Zimbabwean tobacco farmer Phillip Rankin has gone to the Harare High Court again.

Rankin accuses Police Commissioner-General Augustine Chihuri of contempt of court for refusing a previous court order to order police officers to remove squatters from the farm he was evicted from in January.

Squatters loyal to a Zimbabwe-born British doctor, Sylvester Nyatsuro, who runs a clinic in Nottingham in the UK, have moved into his farmhouse in the Centenary district of north east Zimbabwe and say the farms now belong to Nyatsuro.

Police forced Rankin off the farm in January and removed all his furniture and personal possessions from the farmhouse, dropping them at a warehouse.

Rankin and his wife Anita were prevented by police guards from returning. Squatters who had been living in a cottage on the farms for several months, moved into the main farmhouse after Rankin was evicted. They are still there.

Rankin brought a successful urgent application to the Harare High Court in March seeking Nyatsuro’s eviction and claiming his right to return to his home.

But police have ignored the court order and refused to remove the squatters from Rankin’s house, according to lawyers representing Rankin.

Many suspect first lady Grace Mugabe, who is a friend of Nyatsuro’s wife Veronica, is playing a role in this land grab. Veronica Nyatsuro shops for Grace Mugabe in the UK – from where Mugabe and his wife are banned – and regularly returns to Zimbabwe. She manages her husband’s slimming clinic in Nottingham.
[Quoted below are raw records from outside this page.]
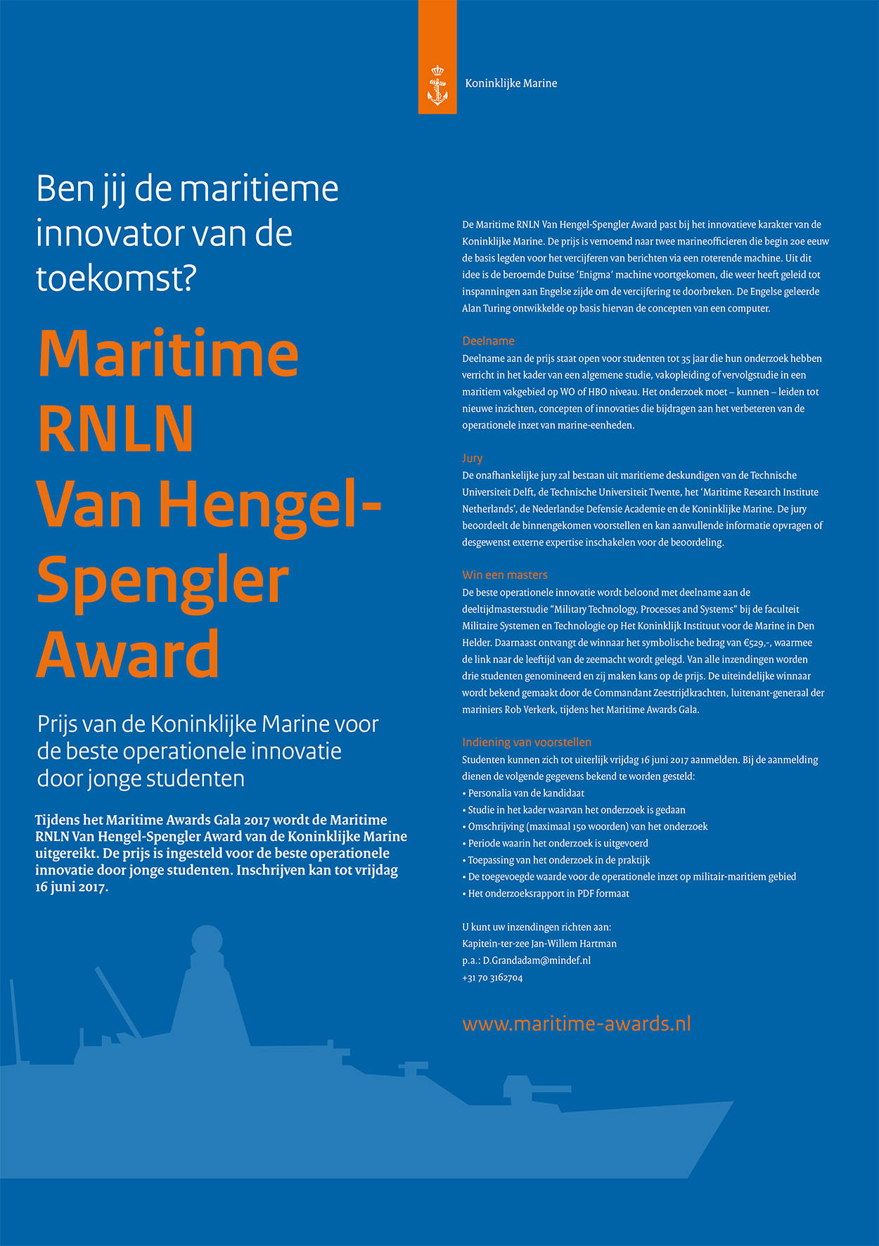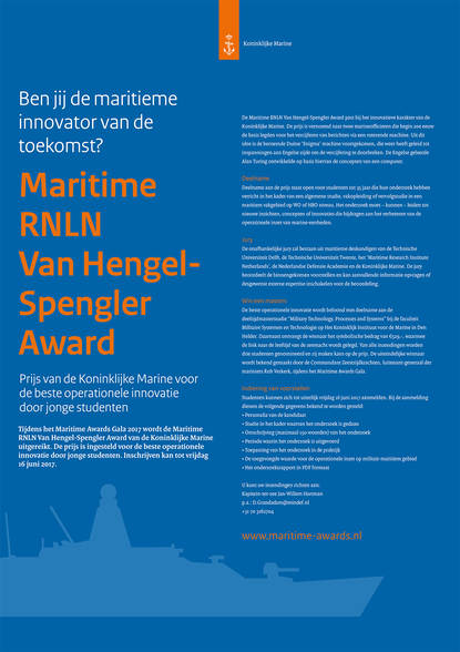 Tijdens het Maritime Awards Gala 2017 wordt de Maritime RNLN Van Hengel-Spengler Award van de Koninklijke Marine uitgereikt. De prijs is ingesteld voor de beste operationele innovatie door jonge studenten. Inschrijven kan tot 16 juni.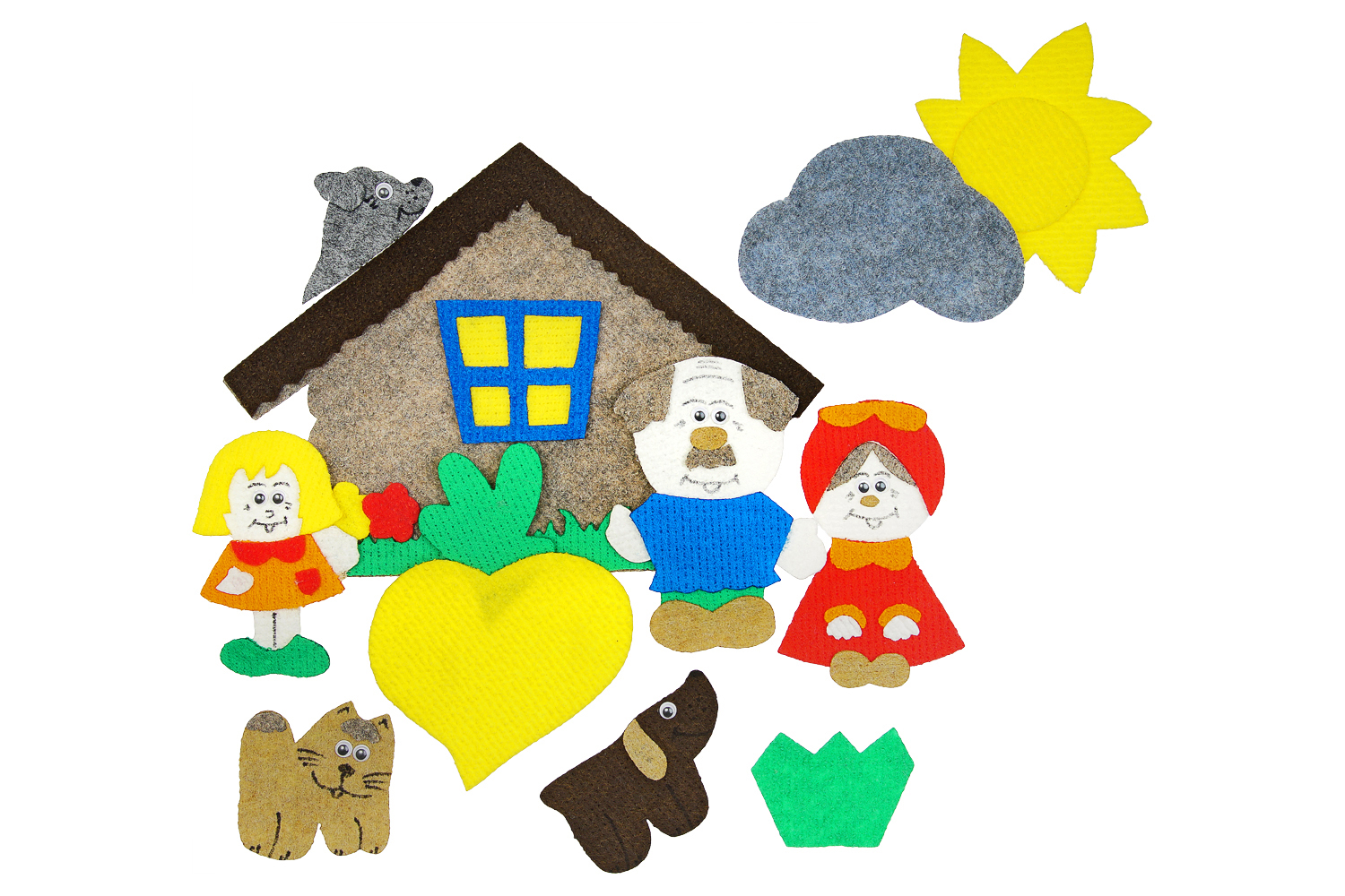 Изба, солнце, облако, травка, дед, бабка, внучка, жучка, кошка, мышка, репка, игровое поле 25*35. Фигурки от 2*3см до 25*25см,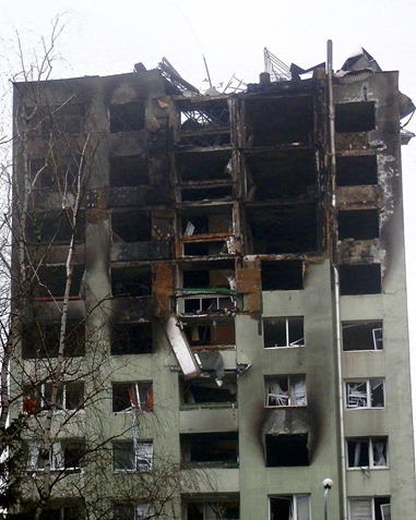 Velkou pozornost vzbudil např. výbuch a následný požár panelového domu v Prešově, viz následující obrázek č. 2.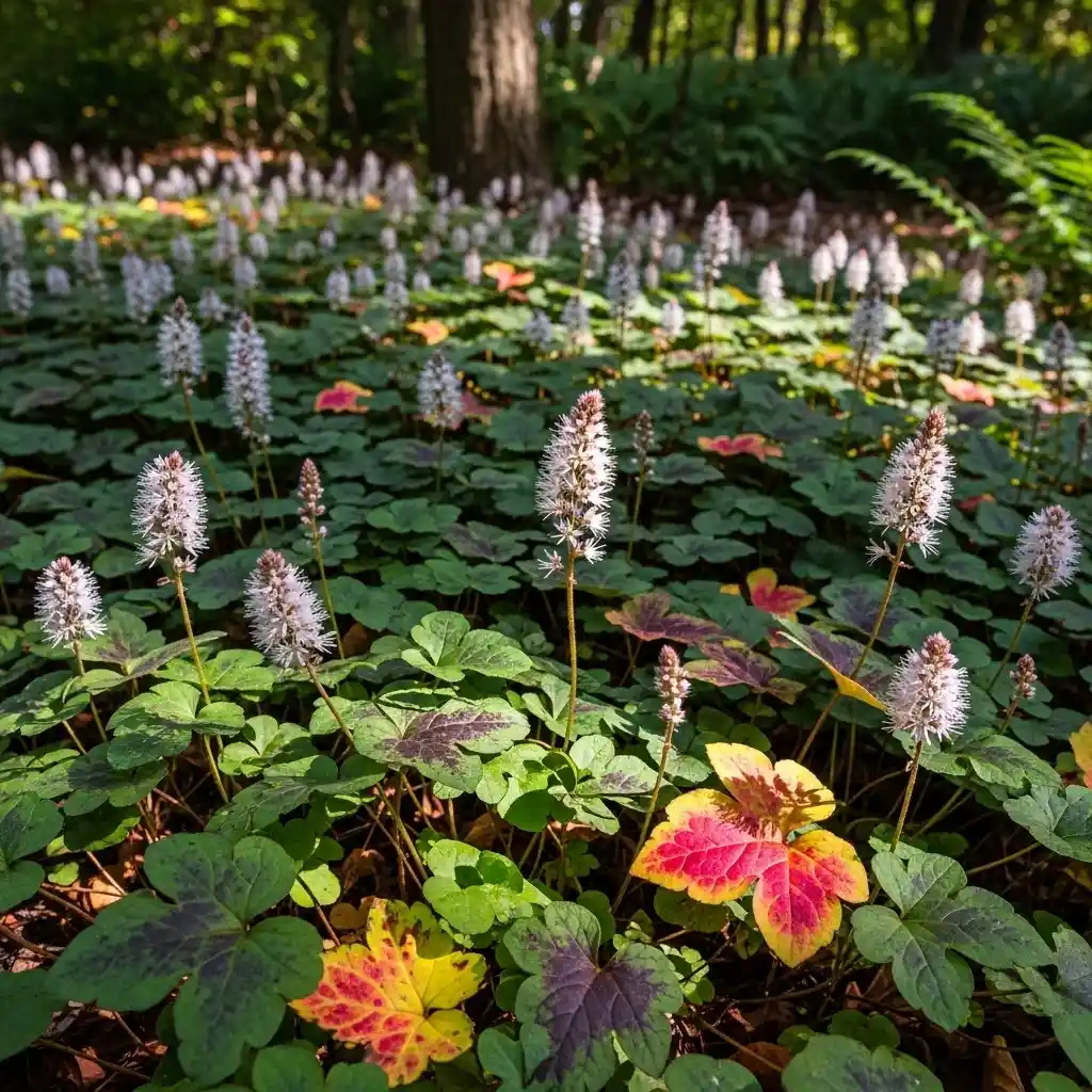 Foamflower produces fuzzy white or pink flower spikes in spring above attractive mapleleaf-shaped foliage creating native groundcovers. These low-growing perennials spread through runners forming dense mats suppressing weeds while providing continuous foliage interest. Many varieties offer burgundy leaf markings and color-changing fall foliage adding multi-season appeal beyond spring flowering.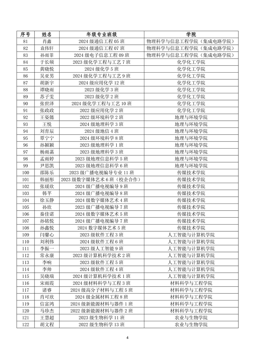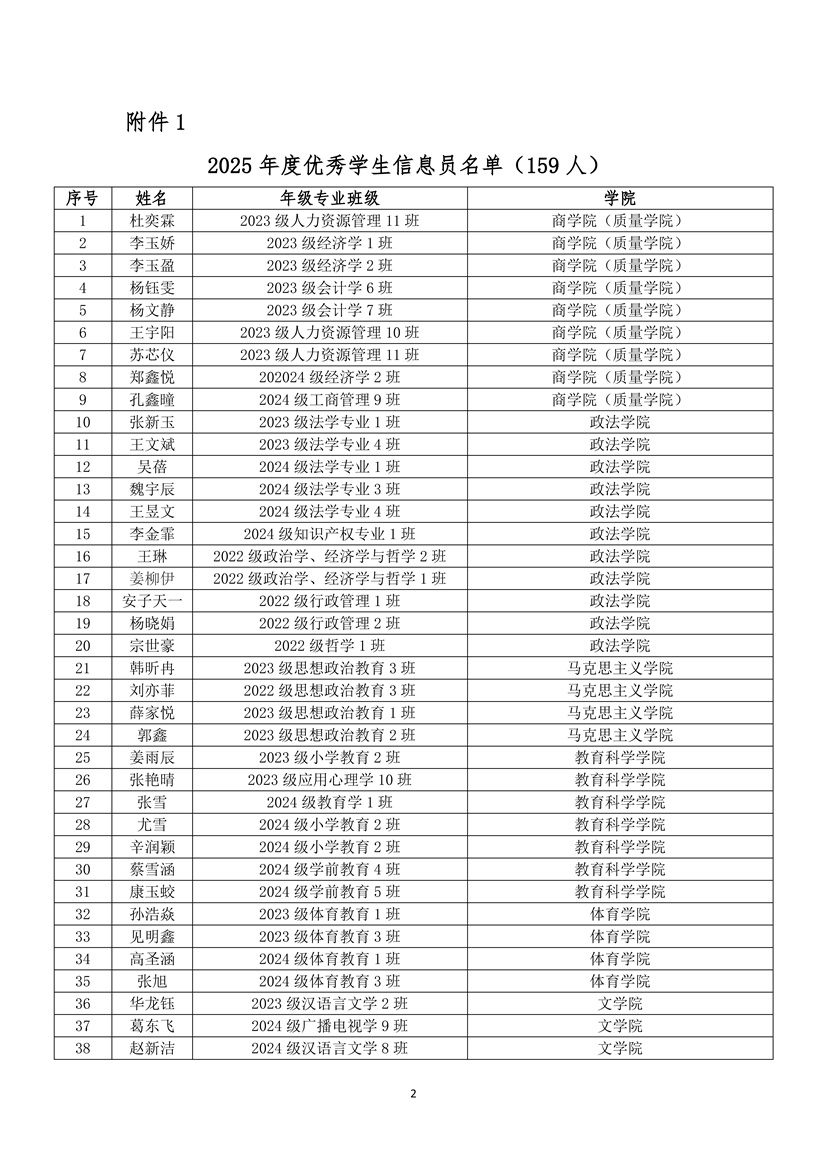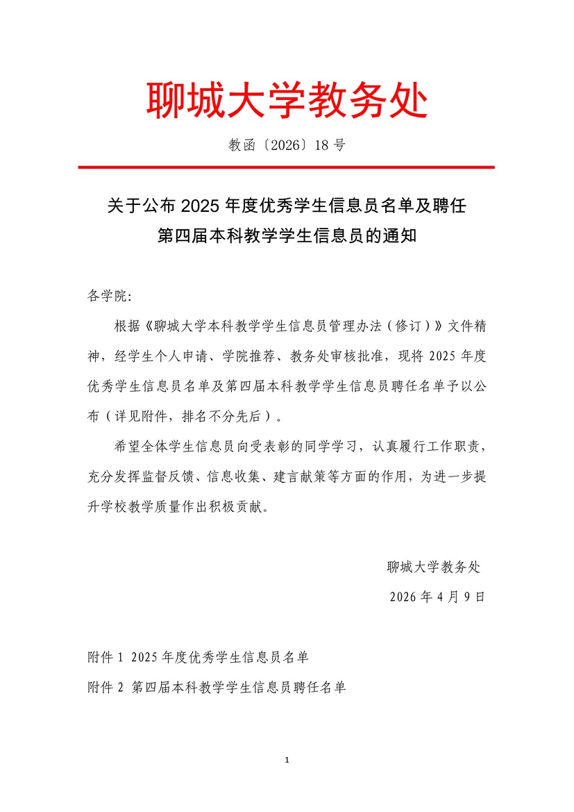 关于公布2025年度优秀学生信息员及聘任第四届本科教学学生信息员的通知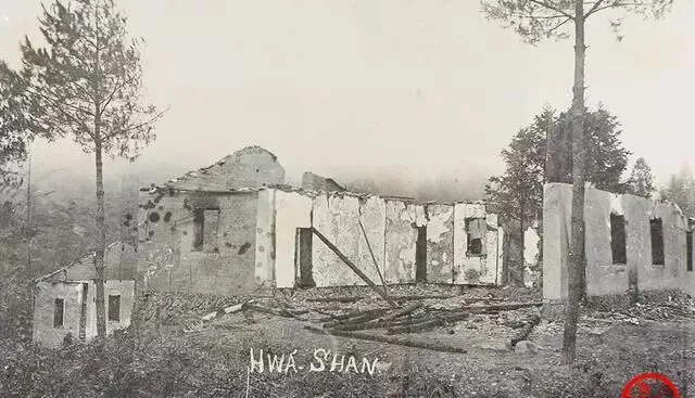 图中这处被烧空的洋房,就叫华山屋子,墙体是白灰抹面配碎石地基,窗洞黑着口子,木梁塌成一排骨头似的横在地上,像被人瞬间按了灭火键,只留焦黑的气味在风里打转。这屋里原本住着英美传教士一家人,早晨六点多,号炮一响,人群冲进来,喊声和劈砸搅成一锅,半个时辰后再响一声,潮水一样退去,只剩火光舔墙根,后头的人来,只能在灰烬里翻证据。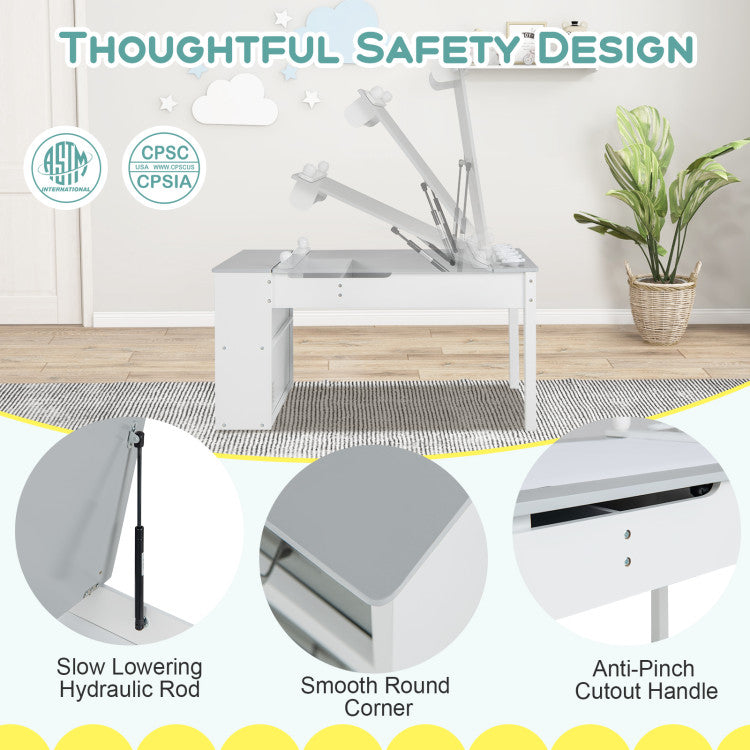 -Large storage space under the desktop for kids daily essentials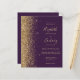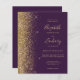 The left-hand edge of this elegant modern wedding invitation features a gold faux glitter border. The customisable text combines pale gold-coloured handwriting, copperplate and italic fonts on a dark purple background. The reverse side provides space for wedding details on a solid purple background, along with a QR code guests can scan to visit your website and RSVP.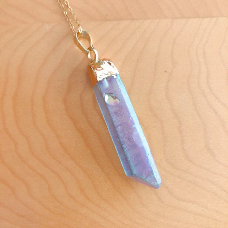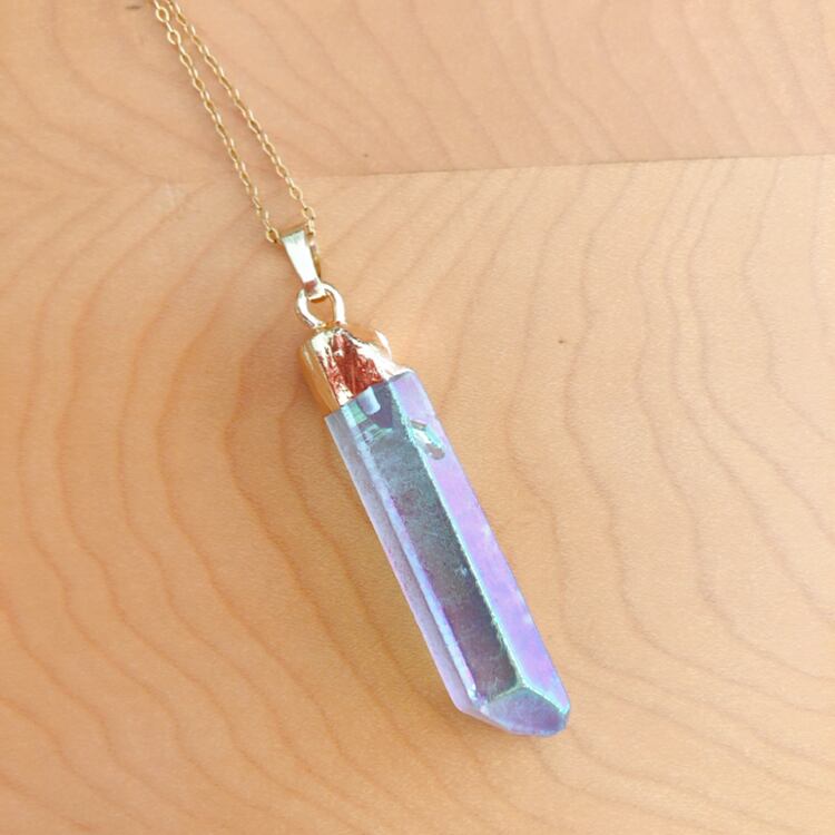 原石のままの表情に愛着がわく、オーロラを纏わせたクリスタルのペンダントトップです。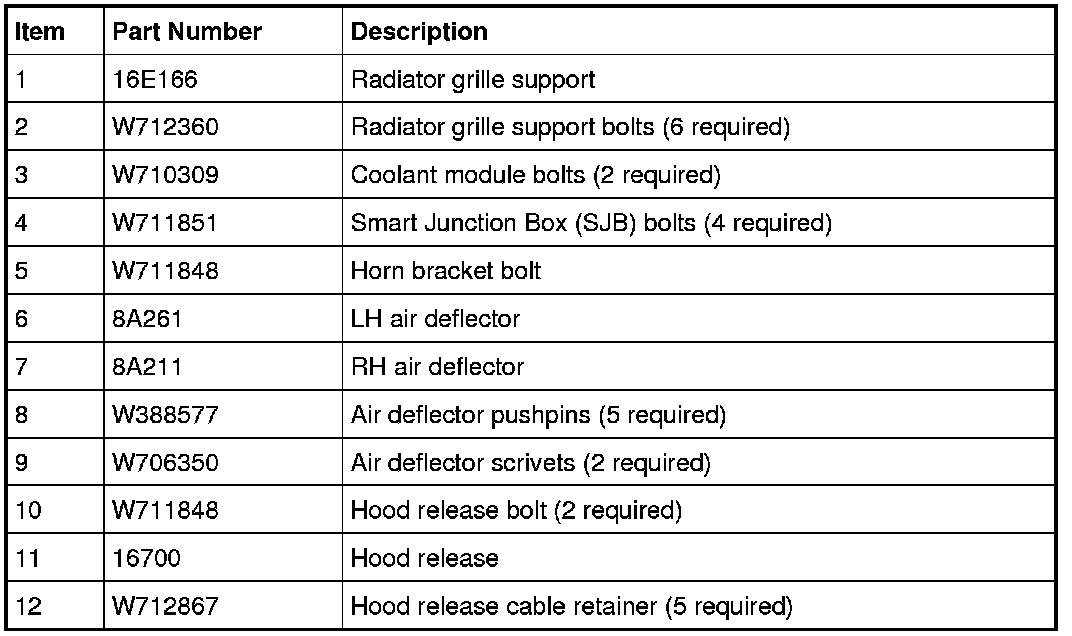 13. NOTE: It will be necessary to lift the cooling module upward and slide the radiator support forward to separate the radiator grille support from the cooling module.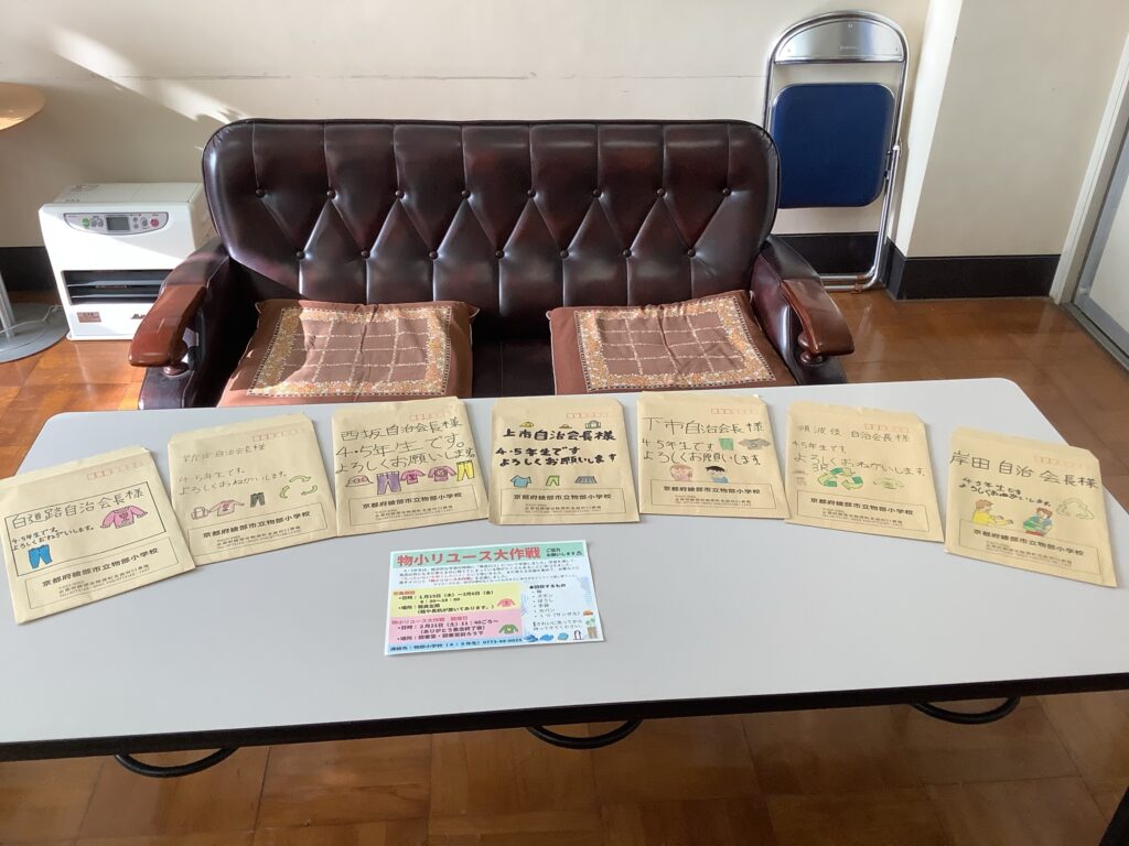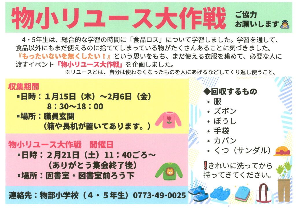 先日開催されたわくわくツアー発表会で4・5年生から提案があった「物小リユース大作戦」の取組がスタートしています。総合的な学習の時間で学び、気づいた「もったいないを無くしたい!」という思いからスタートしています。まだ使える衣服(服・ズボン・ぼうし・手袋・カバン・くつ等)を集め、必要な人に渡すことを考えています。先日の自治会長会でチラシを組回覧で見ていただけるようお願いをしております。

All of Rankin’s farm equipment remains on the farm and Rankin says he wants to return and grow another crop. He has continued paying his workers since he was evicted.

Under phone instruction, they reaped most of the tobacco crop which was in the ground when he was evicted, and cured it. He sold it in Harare.

But Rankin says the cycle of tobacco production was badly affected by his eviction and he will not cover his costs.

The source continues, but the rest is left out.